Great Eastern Wine Week - Sponsored Ad Leaderboard

Great Eastern Wine Week - Sponsored Ad Leaderboard
Great Eastern Wine Week, 9-18 September 2022

Friday, 7 February 2020

Meet the cruise line that can't help saying" no"

Hobart today became the first Australian destination to welcome the 930-guest Viking Sun, which is on day 160 of its 245-day Ultimate World Cruise, attempting to set the Guinness World Record for the “longest continuous passenger cruise”.

The voyage will also include a three-day visit to Sydney and spans six continents, 51 countries and 111 ports, completing a full circumnavigation of the globe. Sailing continuously for eight months and offering 23 overnight stays, the journey is nearly double the length of previous world cruise itineraries.  

Upon the return of Viking Sun to London on May 2, an official Guinness World Record adjudicator will confirm the successful attempt with a certificate presentation. 

At total of 56 people - 12 from Australia, four from the UK and 40 from the US and Canada – have signed on for the full 245 days. 

Others have joined two extensive segments of the cruise, at 127 and 119-days respectively, disembarking in Los Angeles after covering half the itinerary, where a new group of passengers joined the ship for the second leg.

I was lucky enough to get a close-up look on board today - and was impressed. I have several issues with ocean cruising, including being subjected to being up close and personal with other people's children, being forced to eat with people I do not know and noise from on-board casinos and nightclubs. 

I also hate lining up for food behind people who seem set on breaking a world record for how much food they can pile onto their plates.

None of which is an issue on the six identical Viking ocean cruise liners.

Anna Bathgate, the Viking PR and Communications manager, assures me that Viking has made every effort to make cruising as hassle-free as possible for grumpy types like myself. 

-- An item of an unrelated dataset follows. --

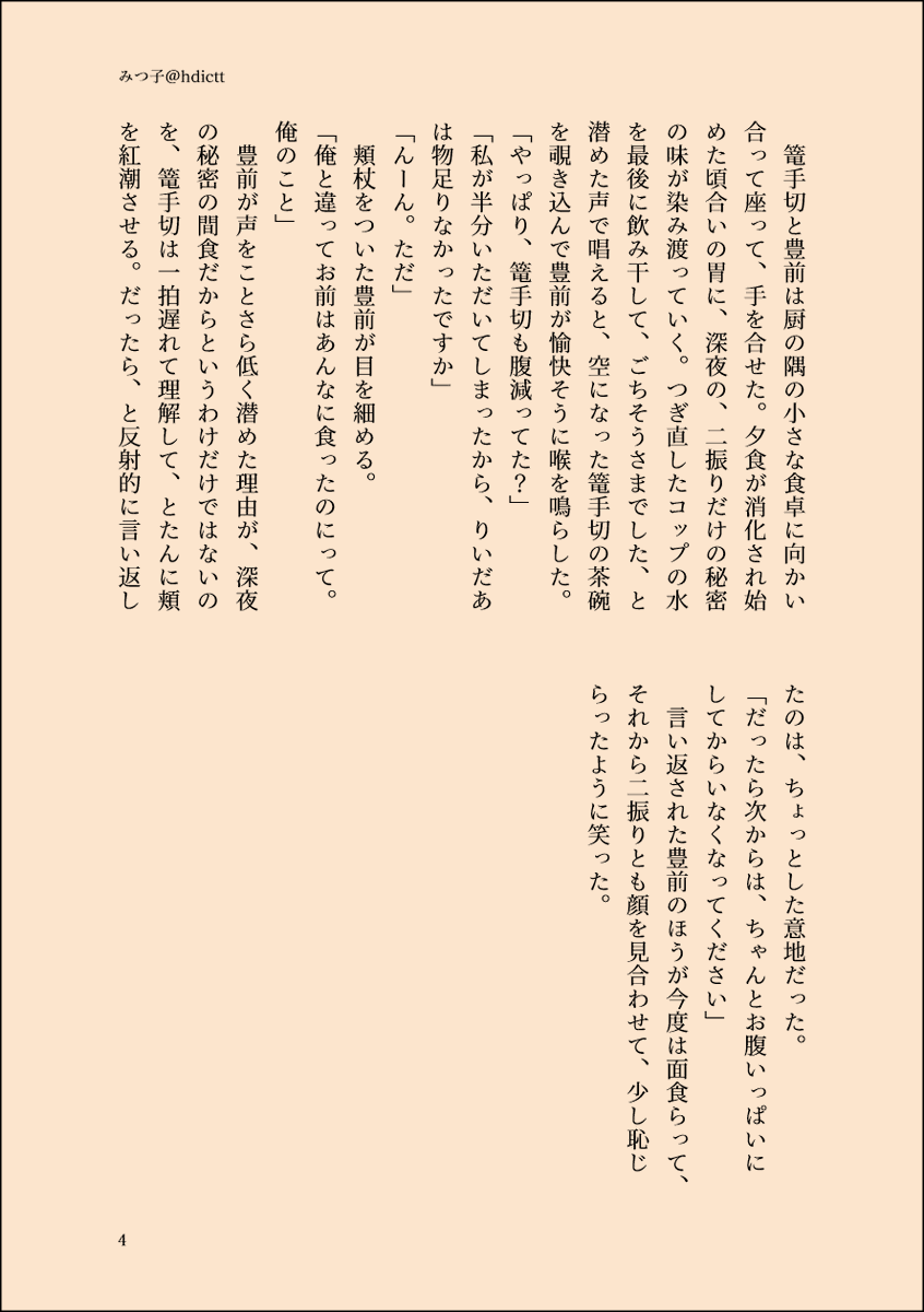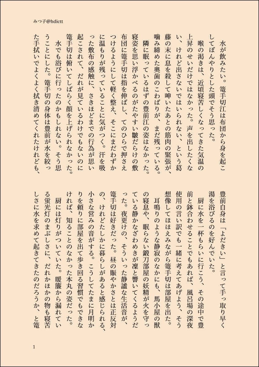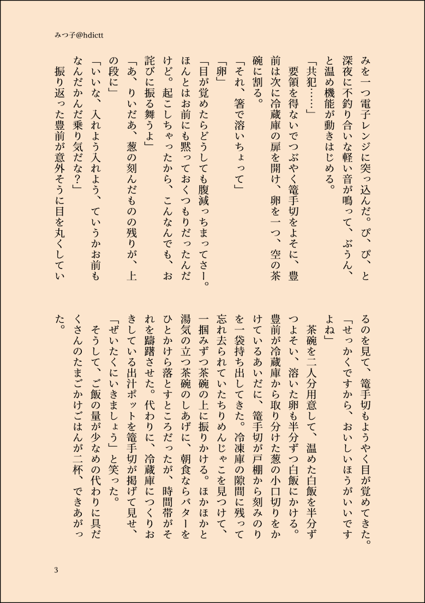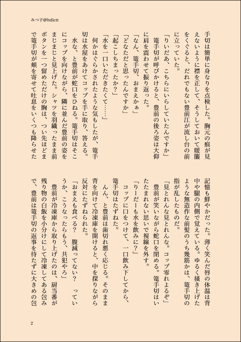 れっすんシーン、ぶぜこてのことなので慣れない中でもなにか楽しみを見つけながられっすんしていたんだろうな〜と思います。続きをと言っていただけるの本当に嬉しいです。こうなるともっとしっかりイチャイチャするLvカンストぶぜこても見たくなりますよね…!💪感想ありがとうございましたー! 5年以上前 (2020.5.19) twilog

That includes a policy of "no crowds, no queues, no casinos, no kids and no silly "nickle and dime" charges. That means you won't get slugged for that glass of wine you have with dinner, or for your use of wifi on board. 

Other good news is that every state room has either a window or a balcony and there are no butlers, no photographers, no formal or fancy dress nights and you can even BYO wine should you wish - although the list carries prestige names from Australia, the US, France, Italy, New Zealand and South Africa, among others.

You choose where you dine each night and can opt for a table for two should that be your preference. 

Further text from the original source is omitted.